Die Norweger scheinen, wie es sich für verwöhnte Kinder gehört, ihren Reichtum nicht einmal zu genießen

Die Norweger scheinen wie es sich fuer verwoehnte Kinder gehoert
Sander Schimmelpennick

Es ist ein kurioser Anblick, der 50 Kilometer lange Stau auf der anderen Straßenseite. Eine endlose Reihe von Teslas, Porsches, Audis, Volvos und Bentleys schlängelt sich aus Oslo heraus, vorbei an schmutzigen Schneewänden, die verraten, dass es schon eine Weile nicht mehr geschneit hat. Ich erinnere mich an einen Sketch ausJiskefet, in dem Kees Prins einen „Norenhater“ spielt, einen schmuddeligen Mann, der dem norwegischen Volk grimmige Vorwürfe mit absurden Anschuldigungen macht, wie zum Beispiel, dass er ständig mit seinen Fjorden und ihrer „einfach ärgerlichen Länge“ prahlt. Prince muss damals gedacht haben – ideal für eine absurde Skizze.

Ich möchte jetzt nicht behaupten, dass Prince mit seinem Noren-Hass tatsächlich Voraussicht hatte, aber Norwegen hat nach einer Wochenmitte etwas Dystopisches. Alles gibt einem das Gefühl, dass die Menschen hier in einer Generation sehr reich geworden sind; es ist ein Land verwöhnter, introvertierter Menschen. Viele Stellen erinnern mich daran, wie ein Freund scherzhaft seinen eigenen Geschmack beschreibt: teuer und ungesellig. Die eigentliche Arbeit wird ausschließlich von Ausländern geleistet, insbesondere von Balten und Polen, aber auch von Schweden.

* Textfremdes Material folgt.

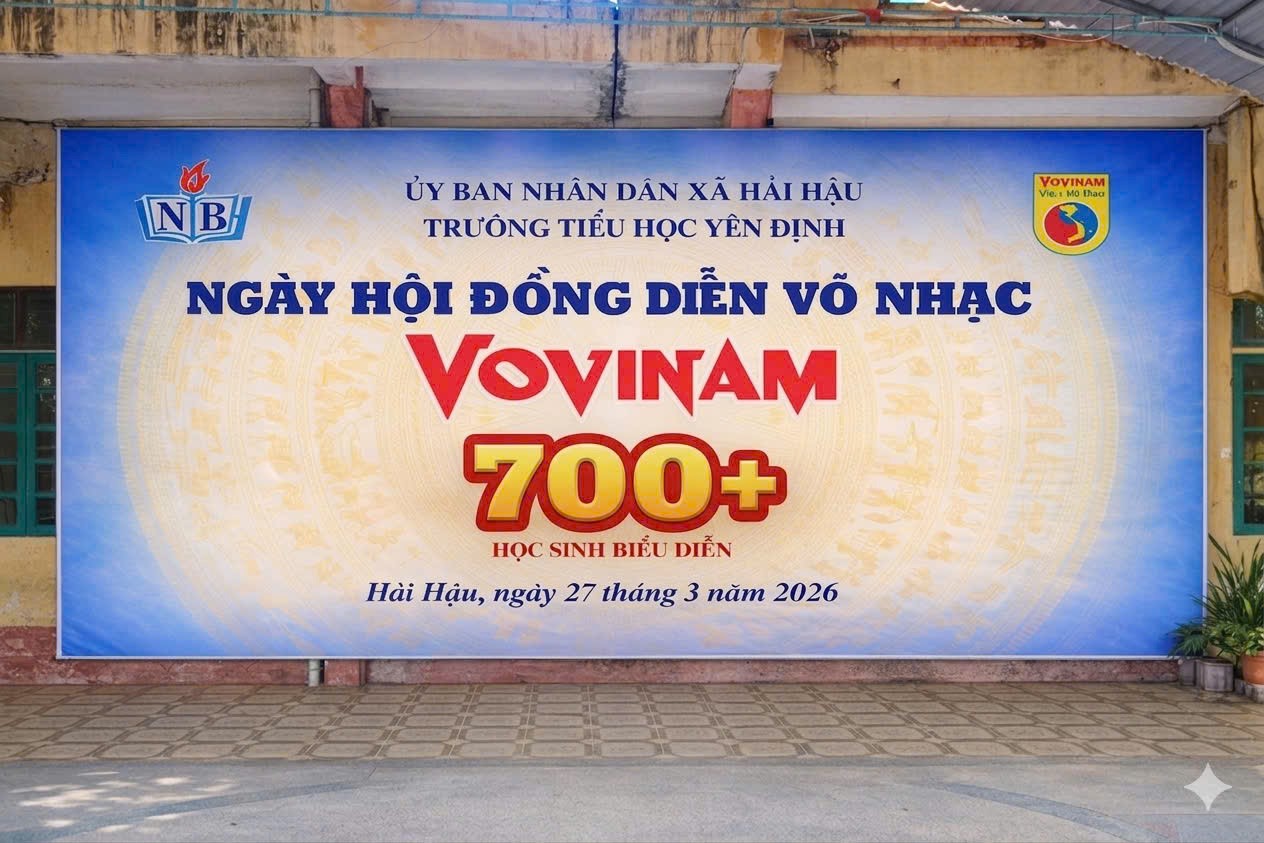 Trong không khí sôi nổi của những ngày tháng 3 lịch sử, hướng tới kỷ niệm ngày Thành lập Đoàn TNCS Hồ Chí Minh và ngày Thể thao Việt Nam, sáng ngày 27/03/2026, trường Tiểu học Yên Định (xã Hải Hậu, tỉnh Ninh Bình) đã long trọng tổ chức “Ngày hội đồng diễn Võ nhạc Vovinam” với quy mô chưa từng có.

Als Norwegen 1969 das Ekofisk-Ölfeld nahe der Grenze seiner Hoheitsgewässer entdeckte, kümmerte es sich sehr darum. Es musste transparent und moralisch rein sein und die sogenannte Holländische Krankheit musste vermieden werden. Die Niederlande hatten mit der Entdeckung des Groninger Erdgasfeldes im Jahr 1959 einen ähnlichen Glücksfall erlebt, sahen jedoch in der Folge, dass die Exportposition anderer Industrien durch den starken Gulden geschwächt wurde.

Norwegens Lösung bestand darin, die Öleinnahmen von den Ausgaben zu trennen. Die Ölförderung würde den Ölkonzernen überlassen und die Besteuerung der Unternehmensgewinne (mit einem Steuersatz von 58 Prozent) zur Sicherung des Staatsanteils genutzt. Diese Steuereinnahmen würden dann in einen staatlichen Fonds, den Ölfonds, eingezahlt, um den Reichtum für zukünftige Generationen zu erhalten. Seit der ersten Einzahlung im Jahr 1996 ist der Fonds auf rund 1,2 Billionen Euro angewachsen. Sie investieren nur in „anständige“ Aktien und alles wird außergewöhnlich gut verwaltet.

Aber der norwegische Reichtum beginnt zu schwinden, während der Rest Europas mit Energiearmut zu kämpfen hat und harte Entscheidungen treffen muss. Dank des Krieges in der Ukraine sind Norwegens Energieexporteinnahmen auf über 200 Milliarden Dollar pro Jahr in die Höhe geschossen. Das sind 35.000 Euro pro Einwohner – in etwa das BIP pro Kopf in der EU. Das führt logischerweise zu Irritationen und Unbehagen in anderen europäischen Ländern, die sich überraschend solidarisch gegenüber Russland zeigen. Aber Norwegen glaubt, dass jetzt große Gewinne benötigt werden, um seinen eigenen grünen Übergang zu finanzieren.

Es gibt noch einen weiteren Schmerzpunkt. Die UNO sprach vom „Norwegischen Paradoxon“, Umweltaktivisten sprechen vom größten Greenwashing aller Zeiten: Einerseits ist das Land völlig abhängig von den Einkünften aus fossilen Brennstoffen und bohrt in dreißig Ländern neue Felder an, andererseits ist es ein nachhaltiger Vorreiter, ein Land, das zu 99 Prozent mit Wasserkraft betrieben wird. Äußerst ärgerlich für den Rest Europas, der den Übergang zur Nachhaltigkeit alleine und unter großen Opfern schaffen muss.

Die Norweger selbst scheinen, wie es sich für verwöhnte Kinder gehört, ihren Wohlstand nicht einmal zu genießen. An den Ladestationen abbiegen adrett Teenager schauen nach unten, wenn sie ihre Porsches beladen, als ob sie von der Last des überschüssigen Reichtums niedergedrückt würden, ihre Moral von dessen Unverdientheit besudelt und ihre Machtlosigkeit, aufzuhören. Nein, gib mir die Holländische Krankheit.